Data:
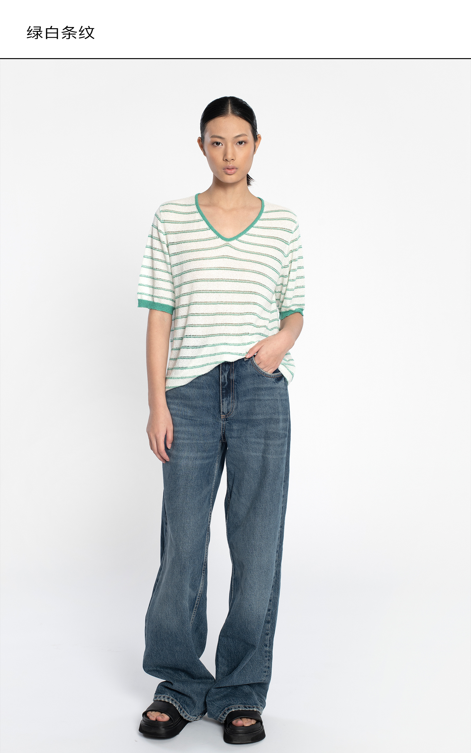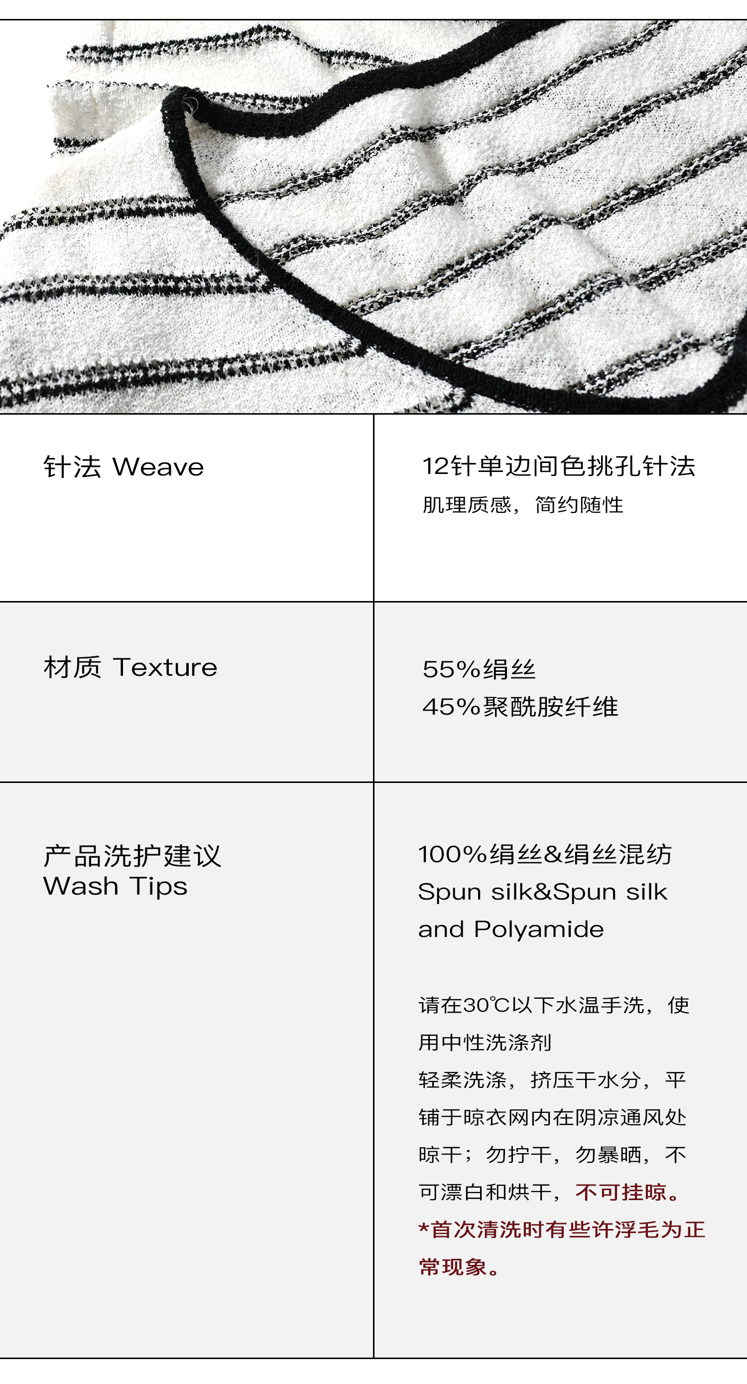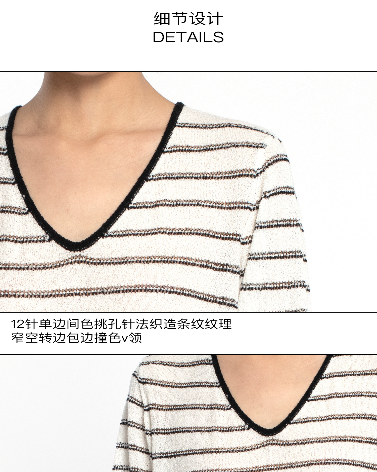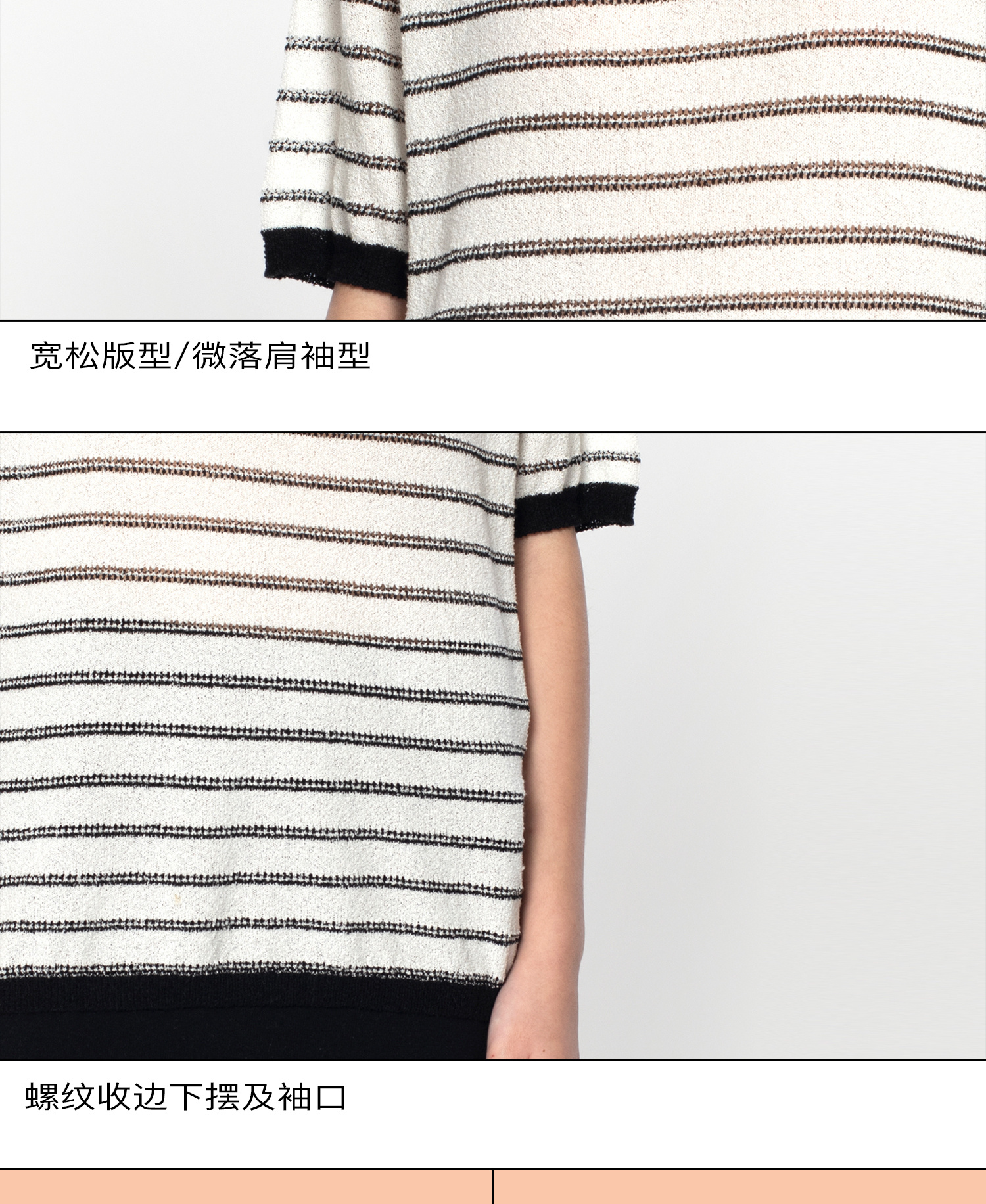 322工房新意短毛绒羊毛圈圈纱条纹针织2023春夏宽松休闲毛衣B012
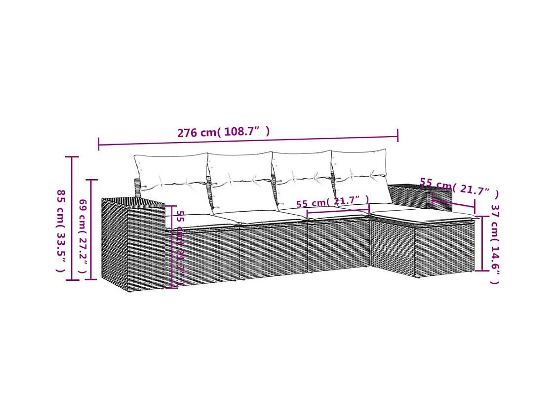 5 pcs conjunto sofás de jardim com almofadões vime PE preto PT733683
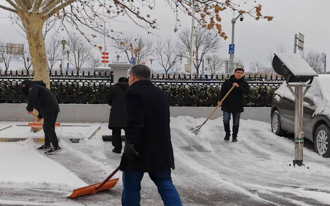 公司机关组织党员干部职工对公司院内及“门前三包”范围内人行横道等重点部位积雪进行清理。
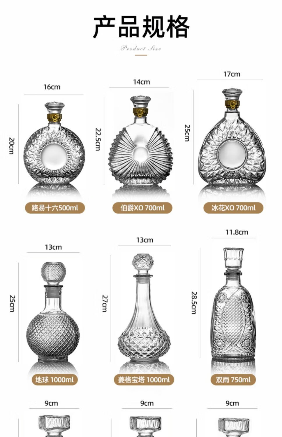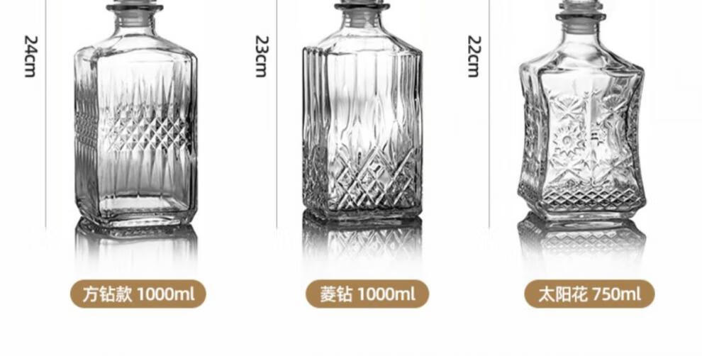 Baichao glass wine bottle, empty bottle, sealed soaking wine bottle, red wine bottle, foreign wine bottle, decanter, repackaged wine bottle, wine cabinet decoration, gift diamond model 1000ML with single wine bottle
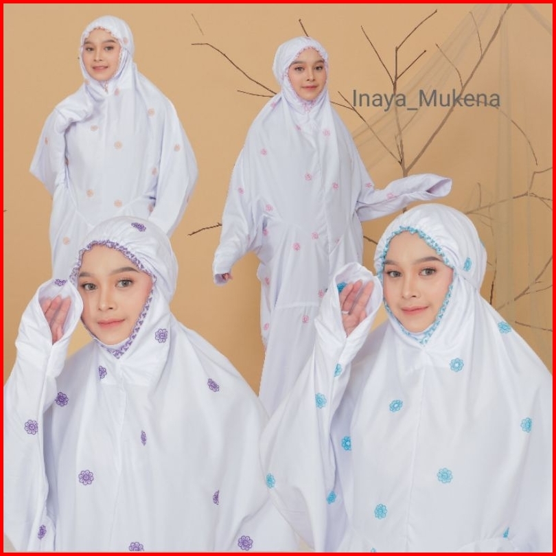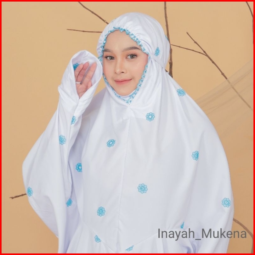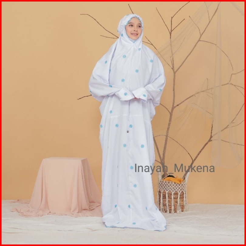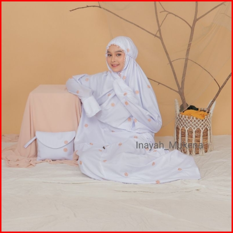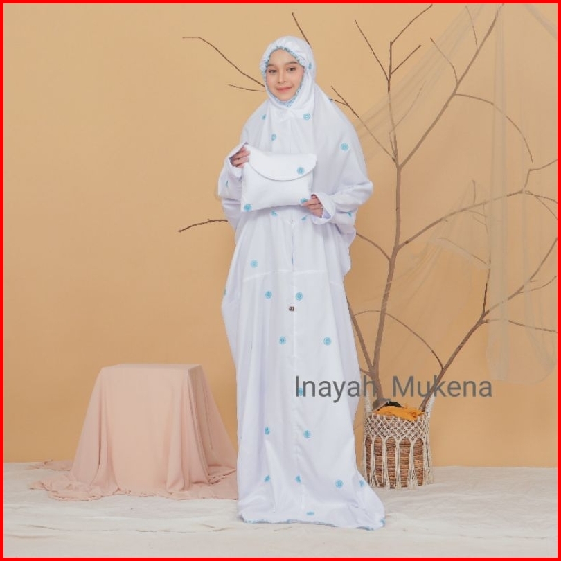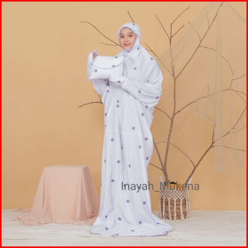 Inayah - Mukena Terusan Putih Dewasa Katun Premium Bordir Seroja
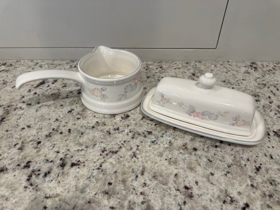 Butter dish is 8 inches long and gravy pot is 8 1/2 inches wide, including handle and 2 1/2 inches high.
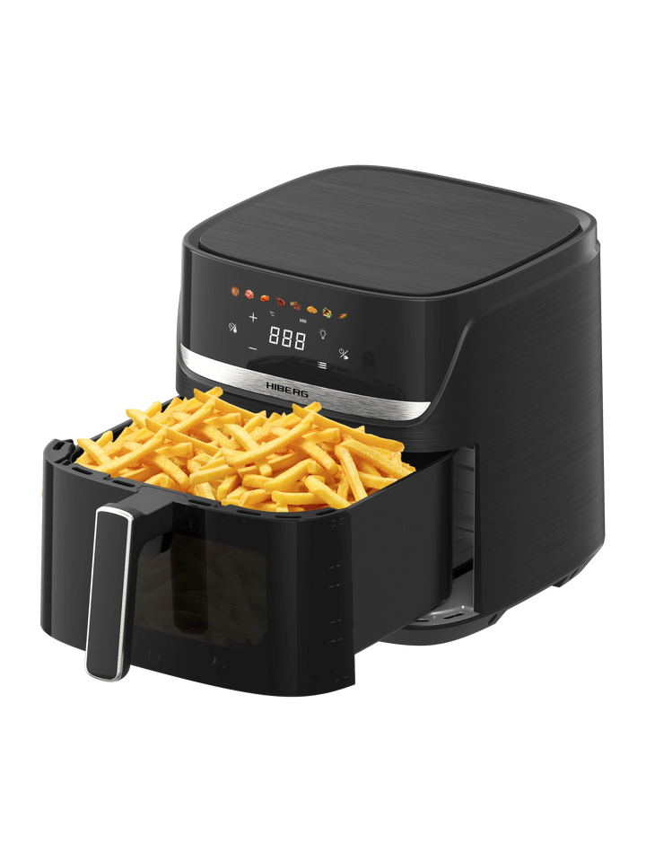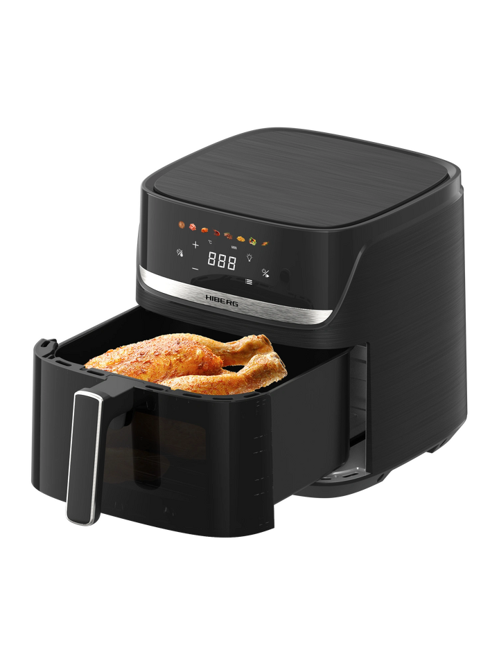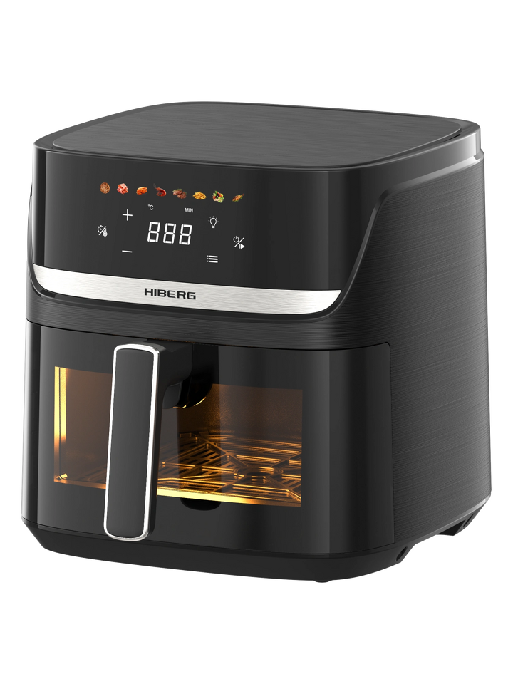 Модель HIBERG MGF 800 B предлагает 8 интеллектуальных режимов работы: выпечка, приготовление бекона, птицы, рыбы, морепродуктов, стейка, картофеля фри и овощей. С электрическим аэрогрилем можно готовить разнообразные блюда — от румяных стейков и сочной птицы до полезных овощей и воздушной выпечки.
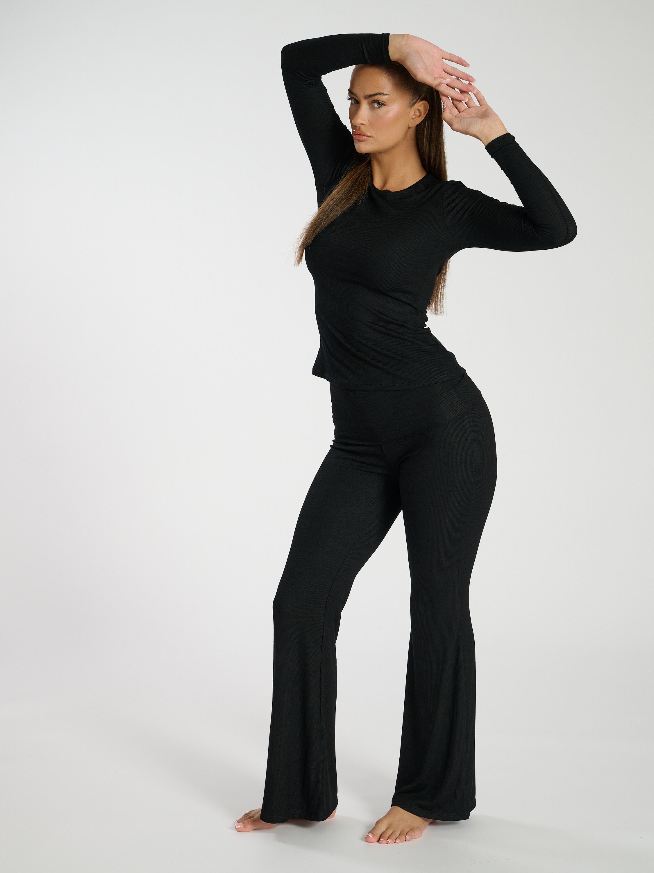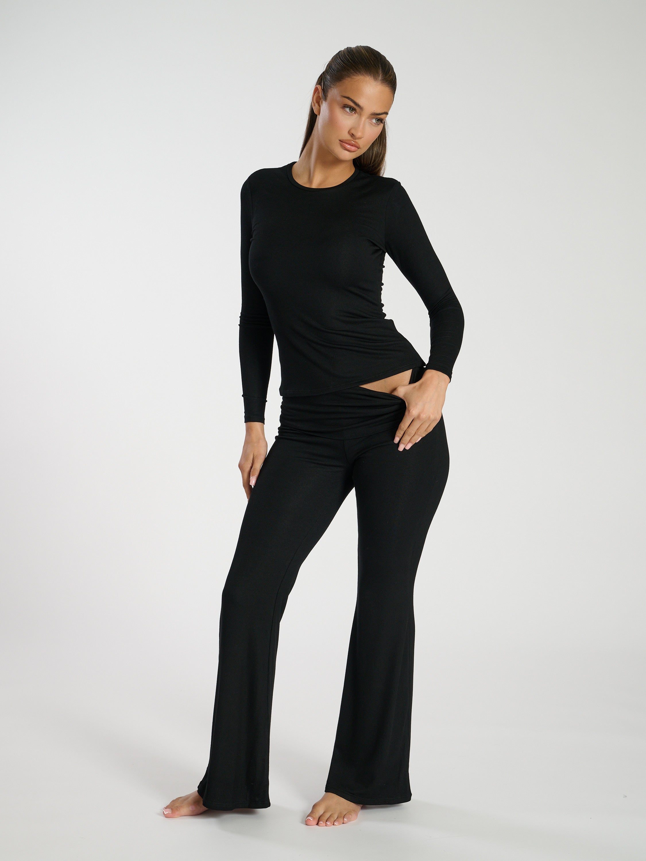 Complete your loungewear look with our OVERLAP DOUBLE LAYER RIB JERSEY FOLD OVER FLARES.

What is expected:
Each entry is to be given again exactly as it stands, with its pictures removed.

Exercise response:
 322工房新意短毛绒羊毛圈圈纱条纹针织2023春夏宽松休闲毛衣B012
 5 pcs conjunto sofás de jardim com almofadões vime PE preto PT733683
 公司机关组织党员干部职工对公司院内及“门前三包”范围内人行横道等重点部位积雪进行清理。
 Baichao glass wine bottle, empty bottle, sealed soaking wine bottle, red wine bottle, foreign wine bottle, decanter, repackaged wine bottle, wine cabinet decoration, gift diamond model 1000ML with single wine bottle
 Inayah - Mukena Terusan Putih Dewasa Katun Premium Bordir Seroja
 Butter dish is 8 inches long and gravy pot is 8 1/2 inches wide, including handle and 2 1/2 inches high.
 Модель HIBERG MGF 800 B предлагает 8 интеллектуальных режимов работы: выпечка, приготовление бекона, птицы, рыбы, морепродуктов, стейка, картофеля фри и овощей. С электрическим аэрогрилем можно готовить разнообразные блюда — от румяных стейков и сочной птицы до полезных овощей и воздушной выпечки.
 Complete your loungewear look with our OVERLAP DOUBLE LAYER RIB JERSEY FOLD OVER FLARES.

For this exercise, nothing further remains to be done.